El gran avance se produjo cuando los investigadores de Stanford se dieron cuenta de que la luz de la radiación solar podría mejorar la conversión de energía en un tipo diferente de dispositivo, llamado convertidor de energía termoiónica, que convencionalmente es impulsado únicamente por calor. Los convertidores termoiónicos constan de dos electrodos separados por un pequeño espacio. Cuando el electrodo positivo, o cátodo, se calienta, los electrones en el cátodo se excitan y saltan al electrodo negativo o ánodo, impulsando una corriente a través de un circuito externo. Estos dispositivos se han utilizado para alimentar satélites rusos, pero no han encontrado ninguna aplicación en tierra porque deben calentarse mucho, alrededor de 1.500 ° C, para funcionar de manera eficiente.
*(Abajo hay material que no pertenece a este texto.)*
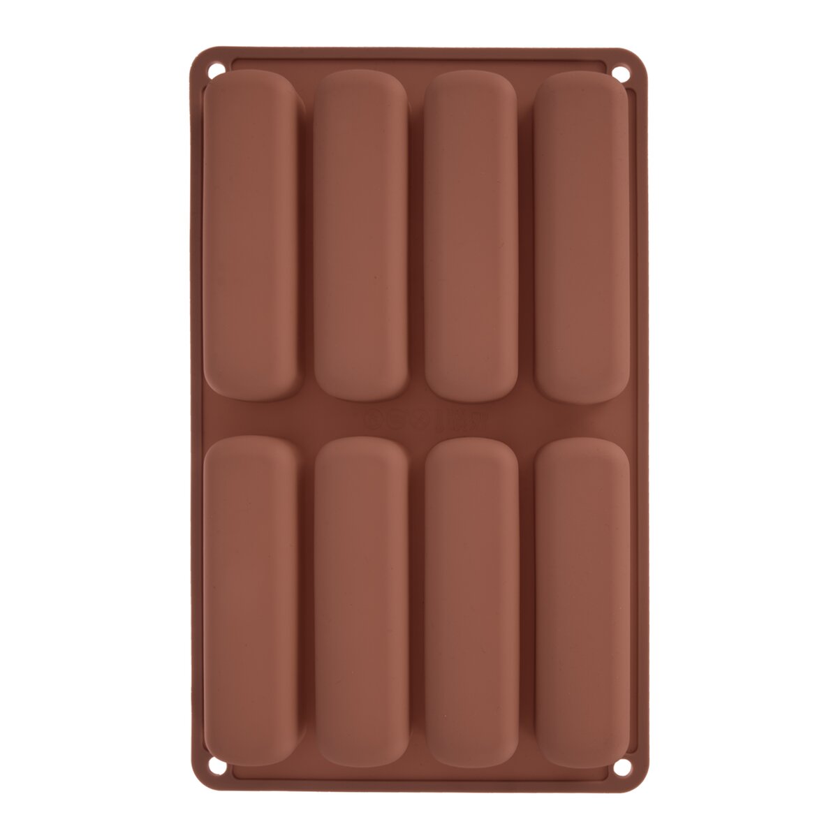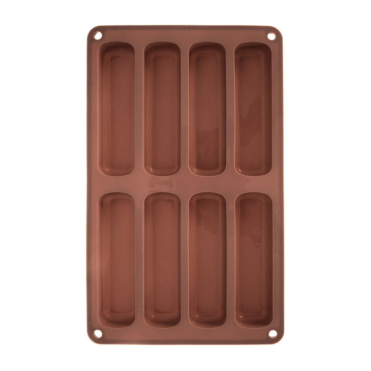 Kód produktu 154448Nepriľnavá hnedá silikónová forma je určená na rýchle a rovnomerné pečenie 8 ks cukrárskych piškót. Jedna piškóta či tyčinka bude mať rozmer 11,5x3,2 cm.

El cátodo de estos dispositivos suele estar hecho de metales como el cesio.
El grupo de Melosh reemplazó el cátodo de cesio con una oblea de material semiconductor que puede hacer uso no solo del calor sino también de la luz. Cuando la luz incide en el cátodo, transmite su energía a los electrones del material de una manera similar a lo que sucede en una célula solar. Este tipo de transferencia de energía no ocurre en los metales utilizados para fabricar estos cátodos en el pasado, pero es típico de los materiales semiconductores. No se necesita tanto calor para que estos electrones preexcitados salten al ánodo, por lo que este nuevo dispositivo puede funcionar a temperaturas más bajas que los convertidores termoiónicos convencionales, pero a temperaturas más altas que una celda solar.
Los investigadores de Stanford llaman a este nuevo mecanismo PETE, para emisión termoiónica mejorada por fotones. La luz ayuda a elevar el nivel de energía de los electrones para que fluyan, dice Gang Chen , profesor de ingeniería energética en el MIT. Es un largo camino hacia un dispositivo práctico, pero este trabajo demuestra que es posible, dice.
El prototipo del grupo de Stanford, descrito este mes en la revista Materiales de la naturaleza , utiliza nitruro de galio como semiconductor. Convierte aproximadamente el 25 por ciento de la energía de la luz en electricidad a 200 ° C, y la eficiencia aumenta con la temperatura. Stuart Licht, profesor de química en la Universidad George Washington, dice que el proceso tendría una ventaja sobre las células solares porque utiliza calor además de luz. Pero advierte: se necesitará trabajo adicional para traducir esto en un dispositivo práctico y más eficiente.
El grupo de Stanford ahora está trabajando para hacer precisamente eso. Los investigadores están probando dispositivos hechos de materiales que se adaptan mejor a la conversión de energía solar, incluido el silicio y el arseniuro de galio. También están desarrollando formas de tratar estos materiales para que el dispositivo funcione de manera más eficiente en un rango de temperatura de 400 ° C a 600 ° C; Los concentradores solares se utilizarían para generar temperaturas tan altas a partir de la luz solar.
Incluso a altas temperaturas, el convertidor termoiónico mejorado con fotones generará más calor del que puede utilizar; Melosh dice que este calor podría acoplarse a una máquina de vapor para una eficiencia de conversión de energía solar en electricidad superior al 50 por ciento. Es probable que estos sistemas sean demasiado complejos y costosos para instalaciones en tejados a pequeña escala. Pero podrían ser económicos para grandes instalaciones de granjas solares, dice Melosh, profesor de ciencia e ingeniería de materiales. Espera tener un dispositivo listo para el desarrollo comercial en tres años.